FANFARRAS & OUTRAS
FANFARRAS
Desta vez os sentimentos de inocentes se arrojam,
Envoltos em momentos de aura tão estranha!...
Que a própria atmosfera assim nos acompanha
E reveste em palores que quase, enfim, te enojam.
O que terá levado a linda cabecinha,
Que tanto quereria ouvir de fada e alumbre,
Soerguer-se ao pedestal, no mesmo ideal deslumbre,
De quem do pedestal a desce e se avizinha...

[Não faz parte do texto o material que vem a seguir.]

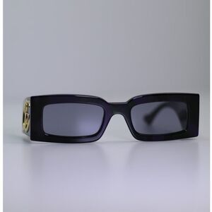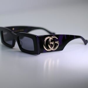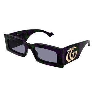 A distinctive feature of these sunglasses is the bold temple construction adorned with the Gucci running logo, adding a touch of brand recognition to the design. The extravagant color palette combines a unique purple and green havana frame with grey lavender lenses, creating a stylish and eye-catching look suitable for various occasions.

De quase desnudá-la da semi-virgindade,
Na velha e antiga luta. em que a obscuridade
Transforma o macegal em gruta de diamante...

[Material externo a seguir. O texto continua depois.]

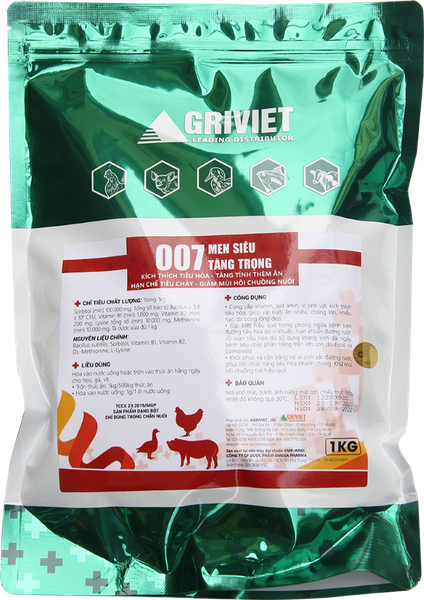 CHỈ TIÊU CHẤT LƯỢNG: Sorbitol (min) 100.000 mg; Tổng số bào tử Bacillus ≥ 3,8 x 10⁹ CFU; Vitamin B1 (min) 1.000 mg; Vitamin B2 (min) 200 mg; Lysine tổng số (min) 10.000 mg; Methionine (min) 10.000 mg, Tá dược vừa đủ 1 kg

E disposta estaria, num mesmo ardor selvagem,
A seus olhos abrir, num ato de amostragem
Que a exalte e humilhe assim em giesta triunfante...?
CÁLICE
Na cadência sutil de mel e alfombras,
Eu renasci um dia em sortilégio,
Da multidão febril no privilégio
De amor gozar a carne e bem as sombras...
Incrédulo a rever, nesse teu vulto
O ídolo sonhado em pedestal,
O retinir de sinos de cristal,
Burlar da morte, num final indulto...
E tendo a meu alcance inteiramente
A carne e o sonho que tão poucos tem
[Carne em amor talvez seja freqüente,
De amor o sonho algures sempre vem,
Tão raro é ambos juntos ter presente...]
Carne não quis -- e amor foi-se também...
AZEDUME
ou me aceitas inteira como estou,
sem restrições, completa em meus direitos
de gozar à vontade meus defeitos,
depois odiar-me pelo que não sou;
ou me aceitas assim, pura e neurótica,
de humor instável, sempre insatisfeita,
buscando sempre à esquerda e já à direita,
com que satisfazer-me a sede exótica;
ou não me terás mais, pois não desejo
ser mais que sombra e gosto de teu beijo,
num áspero guinchar de cornamusa;
não quero ser poema -- quero vida!...
antes tornar-me vil mulher perdida,
que reduzir-me à sombra de uma musa!...
REPULSA
Uma promessa te fiz, sem que pedisses,
Chegou como surpresa e desagrado:
Jamais querias responsabilizado
Fosse teu comportamento ou que sentisses
Que fiel a mim também ser tu devesses...
Fui eu que senti -- estranho ser humano,
Que era a ti que amava e, soberano,
Ergueu-se o sentimento -- merecesses
Que te fosse fiel, já que te amava;
E a partir do instante em que me deras
Certeza que esperavas, me apressei:
Era uma prova de amor que assim te dava.
Mas carne é carne; e se não sei se esperas,
É muito triste, amor... mas trairei.
ATRIBUIÇÃO
Insistes tanto que tantos defeitos
Maculam o teu ser e o teu caráter,
Que és inconstante qual esfíncter
Que não controla mais os dons perfeitos
Entrelaçados às rosáceas puras...
Mas é que não enxergas esses dotes
Terríveis a luzir, puros archotes
Que talvez só eu veja... são agruras
Que terei de enfrentar, mas vencerei:
Vou colher o sorriso entre os trejeitos,
Vou transformar os males em bondades,
Porém teus dons inefáveis mostrarei...
E assim, podes mostrar-me os teus defeitos,
Porque eu te gozarei das qualidades...
ARETHUSA
APENAS UMA ESCRAVA,
A JOVEM LUSITANA...
SUA ALDEIA DESTRUÍDA, LEVADA
AINDA MENINA
E VENDIDA AOS EUNUCOS, PARA SER CONCUBINA
DO SUMO-SACERDOTE DE ASCLÉPIOS,
QUE SE UFANA
DE PRIMEIRO A POSSUIR,
PARA DEPOIS LARGÁ-LA
AOS HÓSPEDES DO TEMPLO, ATÉ CHEGAR UM DIA
QUE UM PATRÍCIO ROMANO
A COMPROU E CONDUZIA
À CAPITAL DO MUNDO, QUERENDO DESPOSÁ-LA...
MAS QUANDO, FINALMENTE,
JULGAVA-SE FELIZ,
SEU AMOR FEZ MATAR
POR CIÚME A IMPERATRIZ,
SEU CORAÇÃO VAZANDO, EM PURO SENTIMENTO...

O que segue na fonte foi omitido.